Somewhere along the line, losing an entire season over a CBA went from unthinkable to normal. When did this happen? As Quisp reminded me recently, it was when Bettman took charge.

Now, I am not losing sight of the fact that Bettman serves at the will of the owners--I think they have just as much to answer for in this debacle--but we also shouldn’t overlook how much power he has been given to wield over these negotiations, and what this planning has wrought. Changes were made to the bylaws in 2000 to grant the commissioner more power in these situations; any CBA that meets Bettman's approval only needs the backing of eight owners to become reality. Armed with this power, Bettman began preparing for the 2005 lockout more than four years in advance, marshaling support from owners for a long-haul freeze out and working out his legal strategy with Proskauer Rose. (Proskauer Rose has moved on to become the king of lockout advice for all four major sports leagues, and the sharp rise in labor disputes is no coincidence.) The result was a CBA widely viewed as the most owner-friendly in pro sports -- and, strangely enough, it's still not good enough.

Ahem. That's not right.

If you ask for remedies to fix a broken economy, and get everything you want (2004), and then revenues explode to historic levels of more than $3 billion, and you say YOUR ECONOMY IS STILL BROKEN, then — well –

– YOU SUCK AT YOUR JOB. --McSorley's Stick

Or maybe, in the owners' minds, you're brilliant at it and you should be the emperor of hockey forever. And you keep locking out players to squeeze more and more concessions just because you can.

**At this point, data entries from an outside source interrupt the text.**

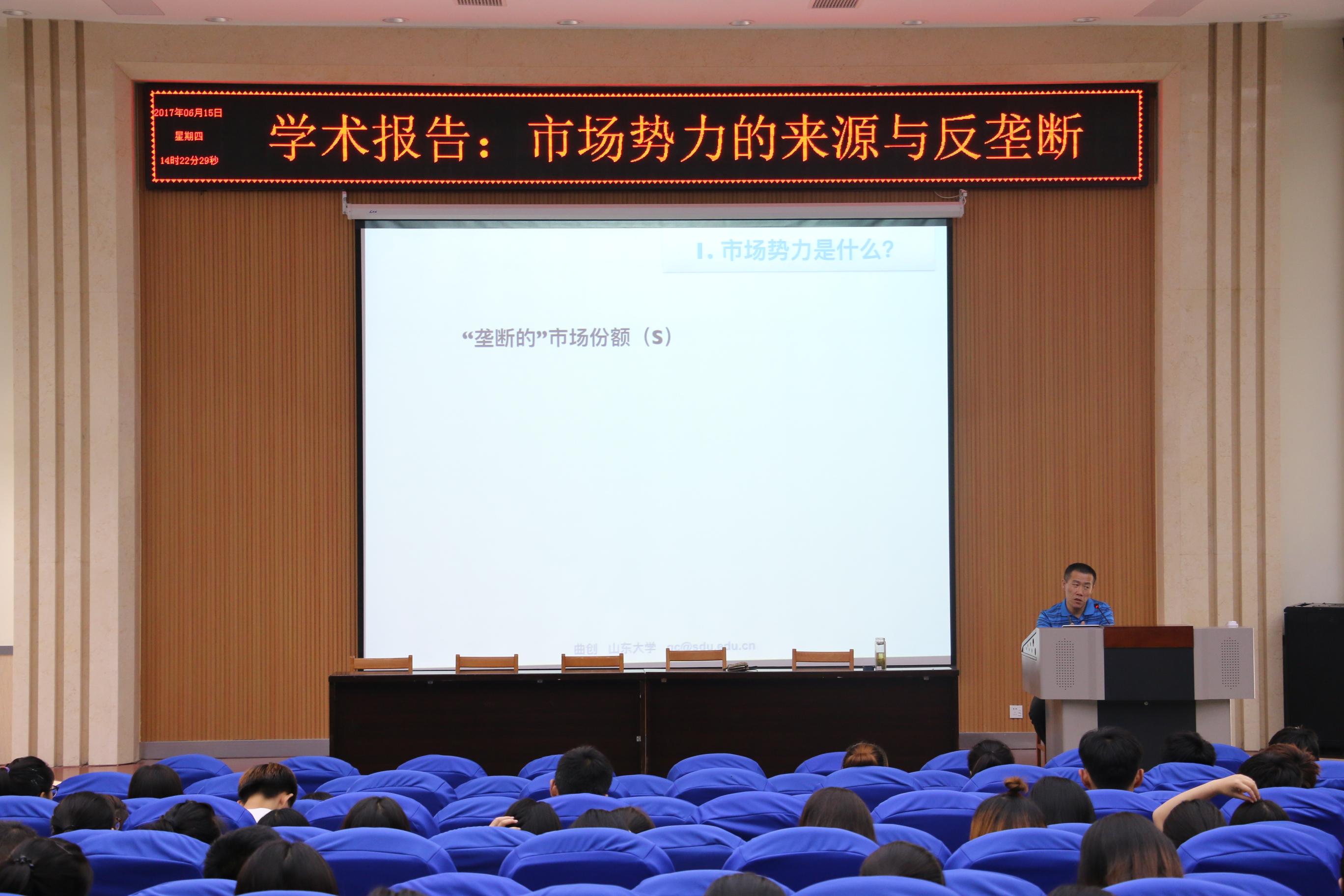 2017年6月15日下午两点半,由山东大学经济学院教授、博士生导师曲创在三号楼报告厅做题为“市场形式的来源和垄断”的学术报告。
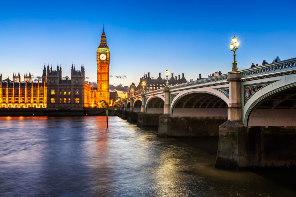 Big Ben and Wesminster Bridge Illuminated in the Evening, London, United Kingdom
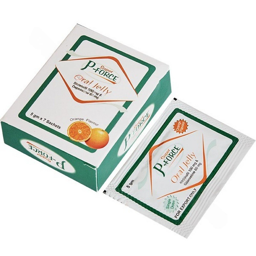 Super P Force oral jelly is an effective medication to treat erectile dysfunction (impotence in men) and premature ejaculation. Super P Force contains the active salts of Sildenafil Citrate and Dapoxetine Hydrochloride. The pack with seven sachets contains flavorful solutions for oral consumption. Super P Force is a proven treatment option to treat erectile dysfunction (ED) and premature ejaculation (PE).
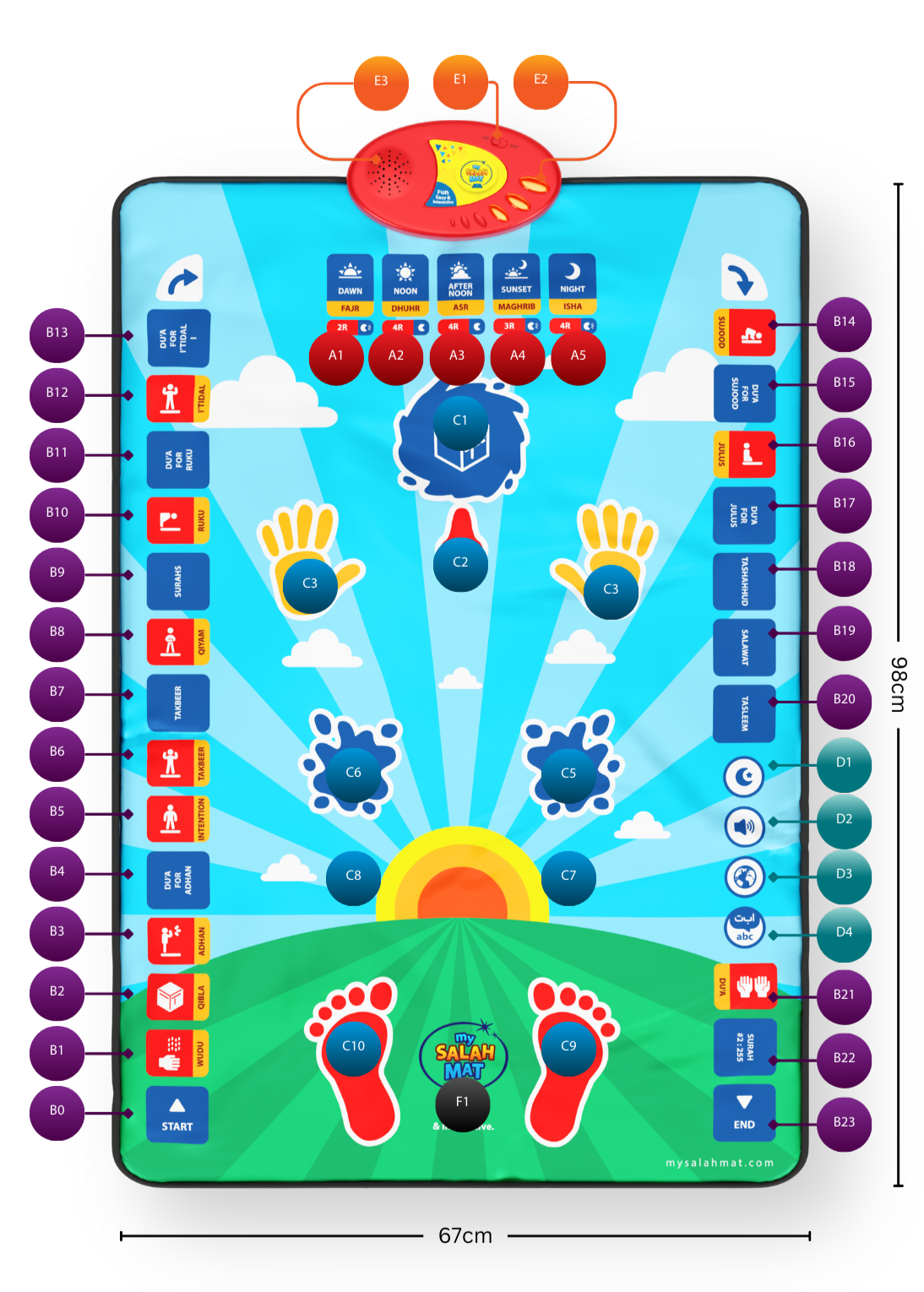 Namaz kılmak isteyen her yaştan kadın ve erkek bu akıllı seccadeyi rahatlıkla kullanabilir. Özellikle namaza yeni başlamak isteyenler veya sureleri ve hareketleri öğrenmek isteyenler için ideal bir yardımcıdır.

To be honest, I'm starting to view this lockout with a strange sense of detachment. I love the game, but my ability to endure this every seven years is slipping away. It's like watching the captain of a ship spy a massive iceberg ahead and decide to ramp up speed before he smashes into it. That's an insane thing to do. I'm insane for caring about it.

The NHL was the first to lose a whole season to a lockout. Now, the NHL might become the first league to lose two.

Lost games and lost seasons are failures. It's not right, it's not necessary, and it's not normal. But we just expect it by now.

This, in the end, is the NHL's shameful legacy.